6.2 人間工学−作業姿勢の評価

ISO/CD 11226
Ergonomics −Evaluation of working postures

規格内容概要:本規格はSC3(人体計測と生体力学)/WG2(作業姿勢)で審議されている。作業に伴う筋骨格系の疲労や障害を防ぐことを目的に、不自然な姿勢の回避や関節角度に 制限を設ける内容となっている。具体的には、

1)体幹のひねりの回避
2)体幹前屈の制限
3)首のひねりの回避
4)首の前屈の制限
5)上腕の不自然な姿勢と肩挙上の回避
6)上腕挙上の制限
7)肘の極端な屈曲/伸展、前腕の極端な回内/回外、
  および手首の不自然な姿勢の回避
8)膝の極端な屈曲、足首の極端な底屈/背屈、および膝曲げ状態での直立の回避
9)座位での膝関節角度の制限

などが盛り込まれている。
特に2)、4)、6)についてはその許容角度が決められ、その許容範囲内においてさらに許容持続時間が設定されている。

審議経過概要:上記の規格案はオランダを中心に作成されたものである。

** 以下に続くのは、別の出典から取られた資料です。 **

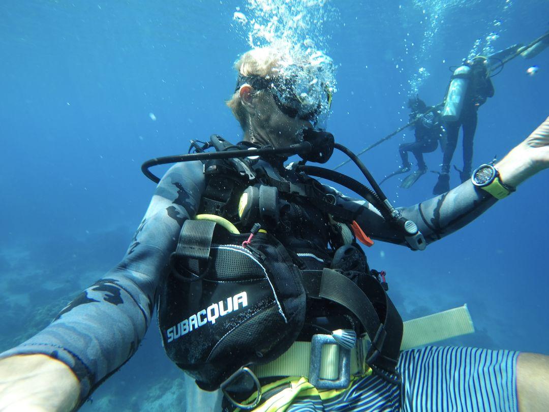 這個(gè)動作對于潛水小白以及不會游泳的人來說還蠻慌的。但是不用擔(dān)心,一下海人就會浮起來,而且還有教練與船員在的保護(hù)你。反正,放心跳吧,記得姿勢要美。
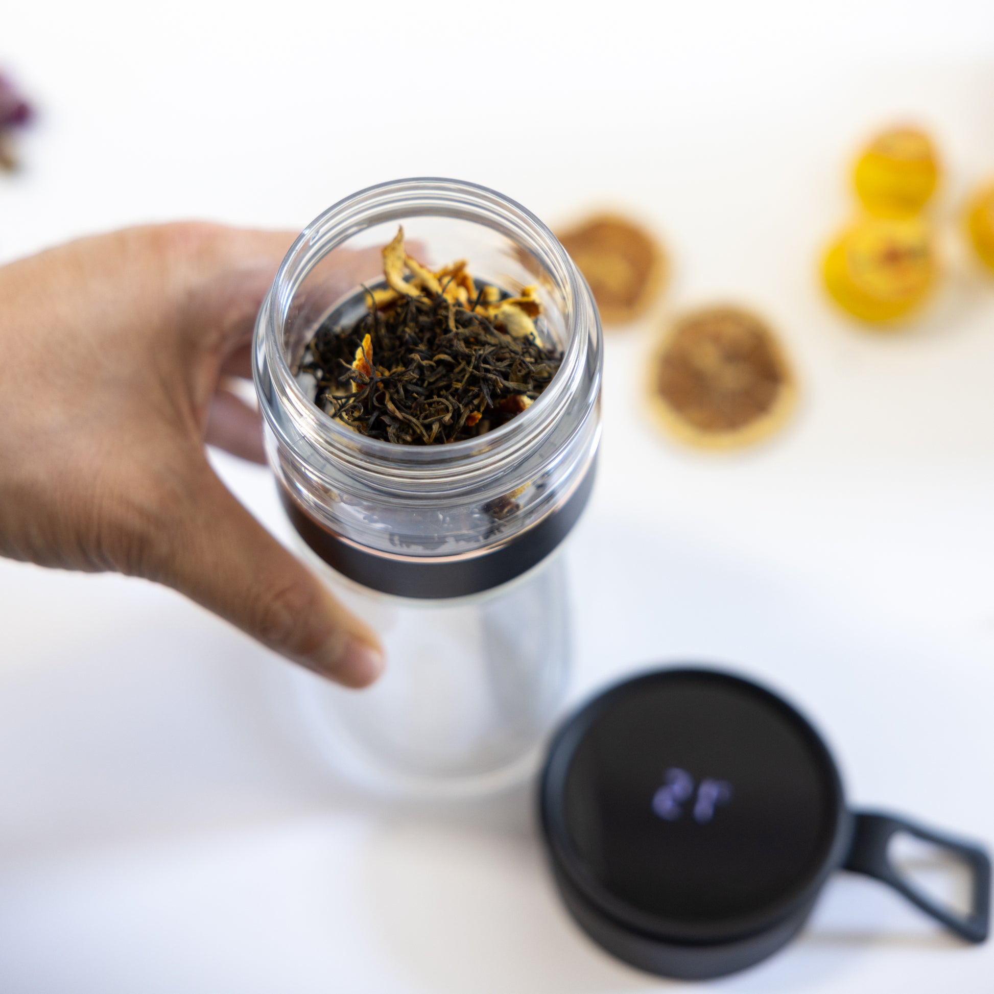 Thanks to the digital thermometer in the lid, you always know exactly how hot your drink is – ideal for tea, infusions or water on the go.

現在、この原案をもとに審議が継続中である。1995年にはCD投票が行なわれ、その後、各国のコメントを盛り込む作業が継続して行なわれている。改訂CD案が完成次第、DIS投票が行なわれる予定だが、その時期は未定である。

日本の対応:この規格案に対して、日本は前回のCD投票で反対票を投じた。日本の姿勢評価方法との相違や、規格案の有効性が明確でないなどの理由によるものである。これに対して、1997年には改訂CD案に向けた継続作業の中で、反対していた日本への規格案の詳細説明がオランダよりなされた。同時に、規格案について改めて日本の同意を求めてきたが、まだ日本としては上に述べた反対理由が十分払拭されたわけではない。しかし、規格制定を遅らせるよりは、完璧とはいかないまでもとりあえず規格をスタートさせ、不具合が見つかれば速やかに是正していくという考え方をとることで、日本も規格制定に向けて協力していくことになった。